Естественно, что я держался как партизан, рассказывая, что мы все время играли в волейбол и купались в холодном озере.
А это кто? и она показывала мне фотографию, где мы вчетвером стоим в обнимку, улыбаясь широченными улыбками.
Это? Это так эпизод.
Эпизод? Ну-ка, расскажи мне, какие там еще эпизоды были!
Впрочем, говорила она все это беззлобно, улыбаясь, будто заведомо зная все и про все эпизоды.
В общем, я исчезал от этого семейства с удовольствием, и весь день болтался по Ленинграду с Розой.
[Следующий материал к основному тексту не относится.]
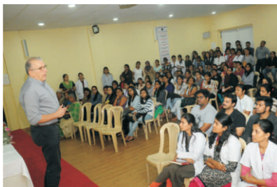
International Keynote Speaker for Seminar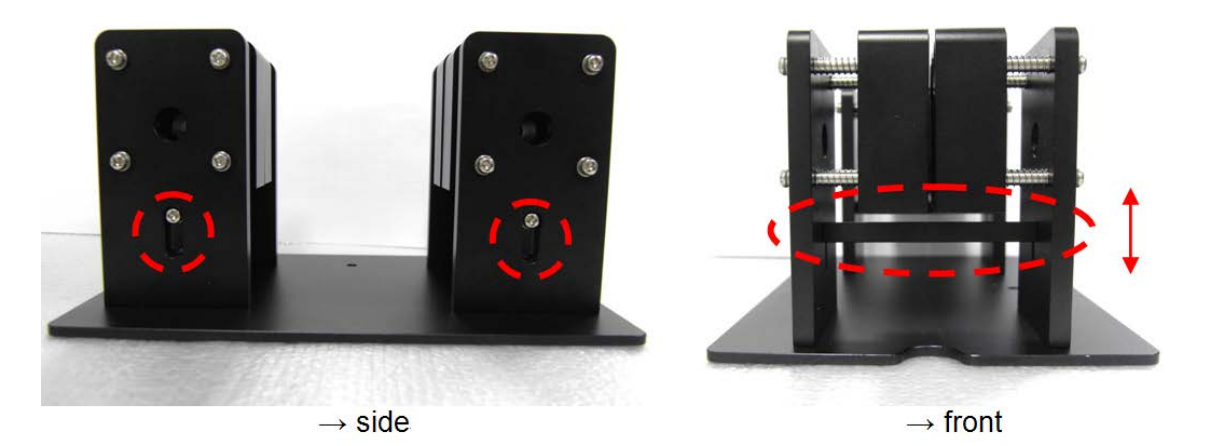
Figure 10 Controlling the height adjustment plate

1. To control the height adjustment plate, loosen the four screws by using a Phillips screwdriver.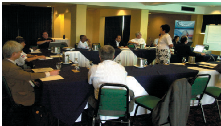
Delegates during the Working Group on Urban Planning and Waste Management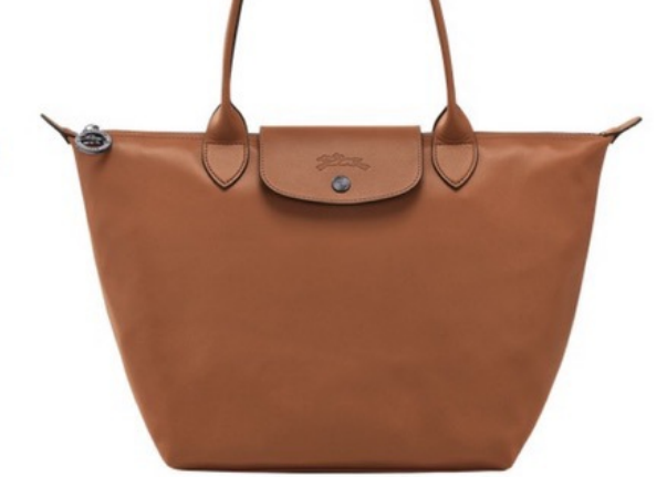
LONGCHAMP LEATHER TOTE BAG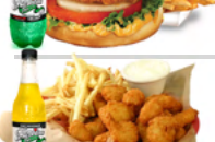
#15 SPICY CRISPY CHICKEN SANDWICH COMBO $14.06 Single $8.18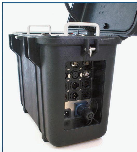
Configure the versatile connector bay to provide exactly the inputs and outputs you need

The BrightPak Basic Kit includes a "D" mount USB connector, an internal USB hub, and all cables needed to support three BrightEye units. The USB connector can be installed in either the side bay or on the top plate. A laptop connected to that connector will have full control over all of the BrightEye units.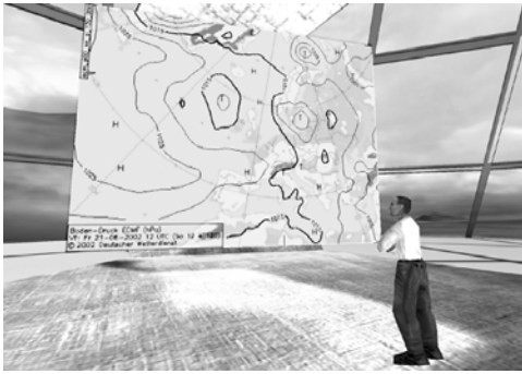
Figure 2. A newspaper reader reads the forecast.

The virtual newspaper world is modelled in a way that allows for an intuitive navigation and enables the user to quickly and easily access those news feeds that are of particular interest to him. The graphical user interface allows for visualization and enrichment of news by means of three dimensional objects.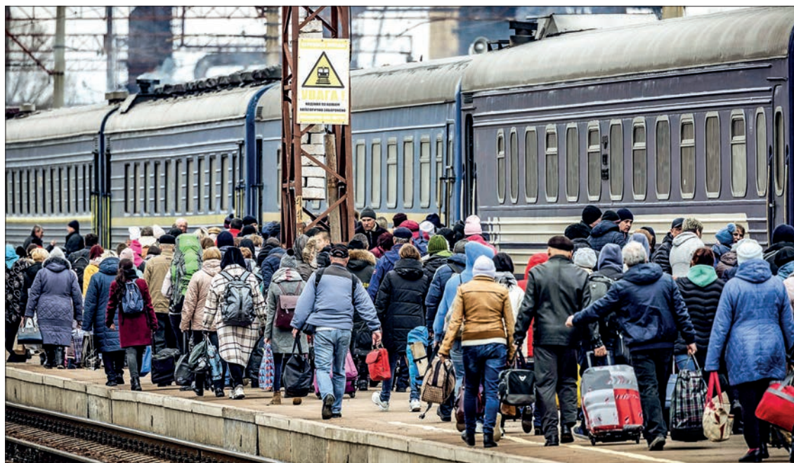
Families walk on a platform to board a train at Kramatorsk central station as they flee the eastern city of Kramatorsk, in the Donbas region on 4 April 2022, amid Russian invasion of Ukraine.

HUNDREDS wait for a train to take them west out of the path of the Russian advance at the station in Kramatorsk, the de facto capital of Ukrainian-controlled territory in Donbas.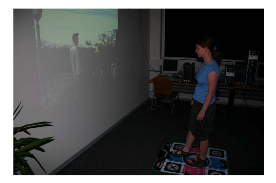
Fig. 3. Joining a group of agents

According to the media equation [18], it should not make a great difference whether humans approach a virtual agent or another human. Indeed a number of studies by Bailenson and colleagues [1] revealed that the size and the shape of the personal space around virtual humans resembled the shape of the space that people leave around real, nonintimate humans. Nevertheless, Bailenson and colleagues also observed that the social navigation behavior depends on whether the agent is controlled by a computer or by a real human. In particular, they found out that people gave an avatar more personal space than an autonomous agent. In a second experiment, they examined what happens when virtual humans walk and violate the personal space of the participants. The experiment showed that human subjects avoided the virtual human more when it was obviously computer-controlled than an avatar that was controlled by another human.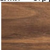
NC американский орех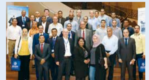
Participants at Aerzen North Africa's first business event.

The establishment of Aerzen North Africa and the move into new premises mark an important step for the AERZEN Group, enabling the company to provide support for many customers and installations in North Africa through its own, local sales and service network.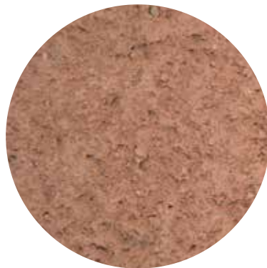
Colour: MCT-201 Application: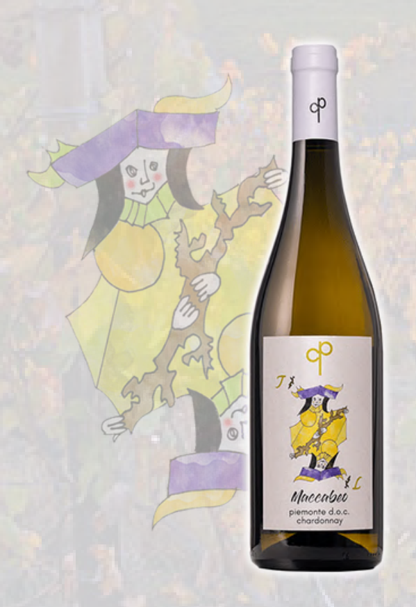
Piemonte Chardonnay d.o.c.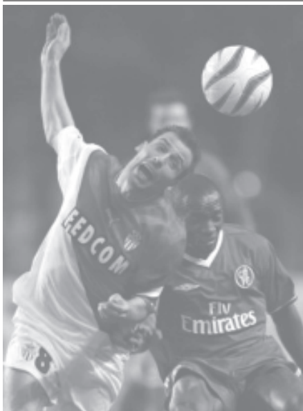
Monaco's team captain Ludovic Giuly (L) heads the ball away from Chelsea's Claude Makelele, during their Champions League semi-final first leg soccer match at the Louis II Stadium, in Monaco, on 20 April, 2004.

United, who trail Chelsea by four points with a game in hand, face Charlton Athletic at Old Trafford on Tuesday and Scholes will miss that match along with the home game against Liverpool on April 24 and the trip to Blackburn Rovers on May 1.—MNA/Reuters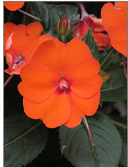
SunPatiens Compact Electric Orange New Guinea Impatiens flowers

SunPatiens Compact Electric Orange New Guinea Impatiens is a dense herbaceous annual with a mounded form. Its medium texture blends into the garden, but can always be balanced by a couple of finer or coarser plants for an effective composition.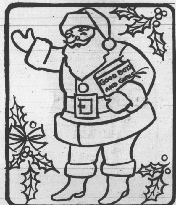
Color Santa's woolen suit a brilliant shade of red. When he comes on Christmas Eve, you'll be asleep in bed.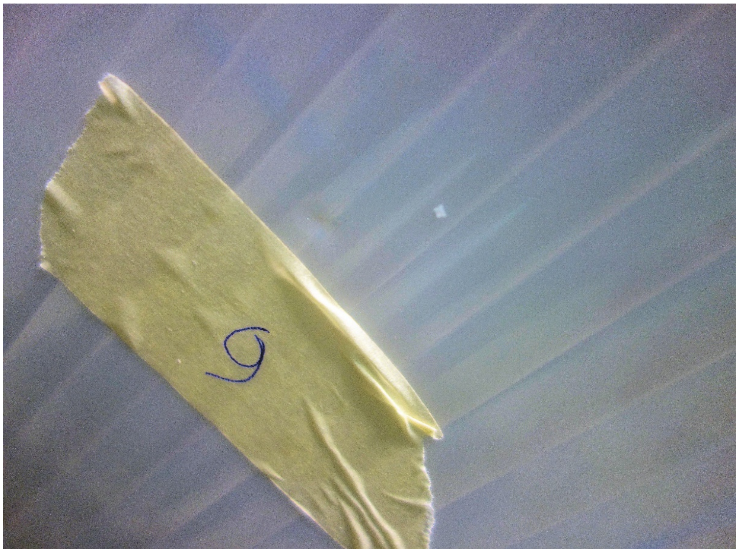
Detail of the damage caused to a sheet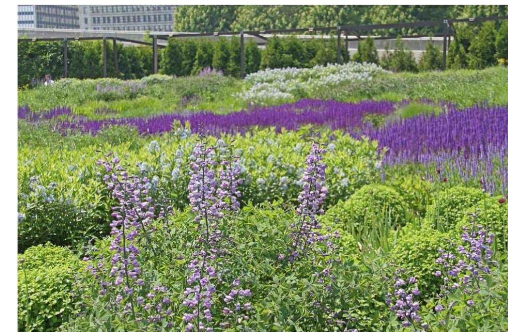
Sweep of colourful Lavender and Salvia spp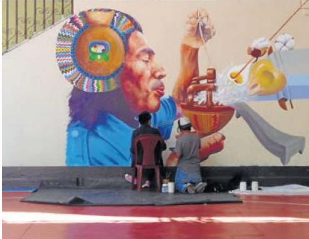
Figure 3: Mural titled Weaving Our History

climate change and genetically modified crops. The group worked together to paint the 40-meter long mural titled “Weaving Our History” (See figure 3). They are proud to be dedicated to painting to explore cultural identity and earn an economic identity from it.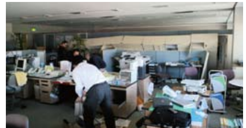
Office of Nitto Denko Tohoku Sales Branch in Sendai-shi The cabinet was fixed to the wall but fell because of the violent shaking of the earthquake.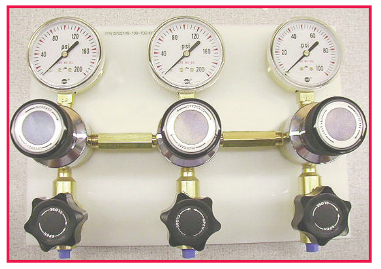
three-regulator panel – inlet may be from the left or the right

2331-H-25-25-50-100-C describes a center inlet brass four-regulator panel in the horizontal orientation, with the first regulator on the left having a 0-25 psig delivery pressure range followed in order by three others: 0-25 psig, 0-50 psig, and 0-100 psig.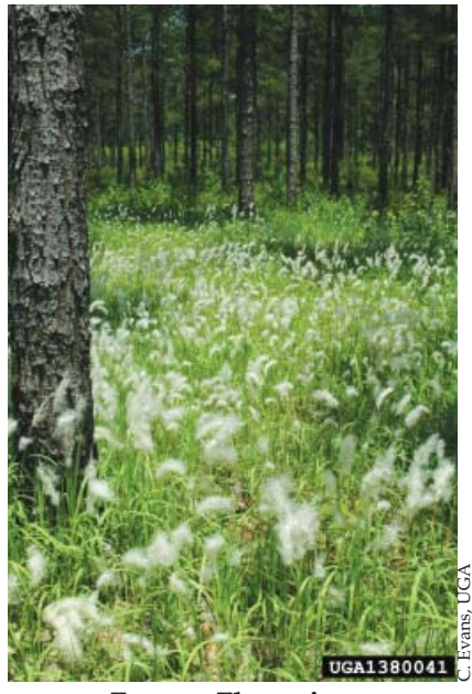
Forest - Flowering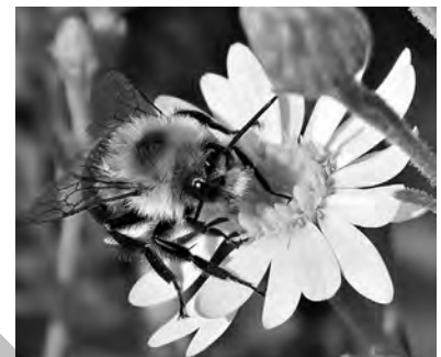
Figure 1. Bumble bee ( Bombus spp.).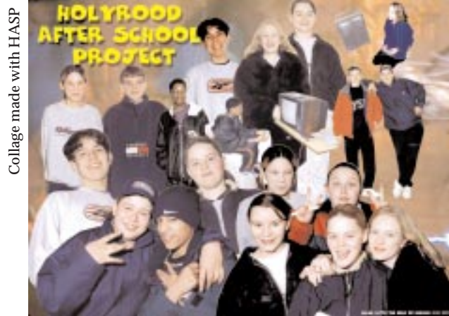
Collage made with HASP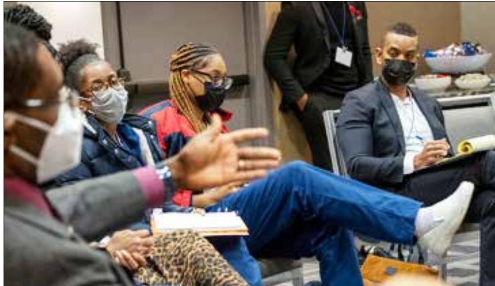
Tobacco-Free Kids College Listening Tour: Howard University and Lincoln University Students

Денег у меня оставалось только-только добраться до Горького, и держал я их в грудном кармане пиджака с левой стороны. В Ленинграде, как, впрочем, и во всей стране, было очень криминальное время. Хулиганья и мелкого бандитизма было достаточно.
Однажды мы с Розой шли по улице к набережной Невы. Народу на улице никого, кроме группы парней и пацанов, толпящихся на тротуаре, по которому мы шли. Я всегда легко себя чувствовал в любой ситуации, если я один. Мое главное оружие ноги. На крайний случай стальной сапожный нож в кармане с ручкой, в виде намотанной на металлическую пластину ножа изолированной лентой. Этого ножа я сам боялся вдруг придется применить. Все-таки ноги лучше, если к тому же к ним приложить еще и второй разряд по ускоренному перемещению в пространстве, то есть по бегу. Но вот когда я с кем-то рядом, я почти теряюсь.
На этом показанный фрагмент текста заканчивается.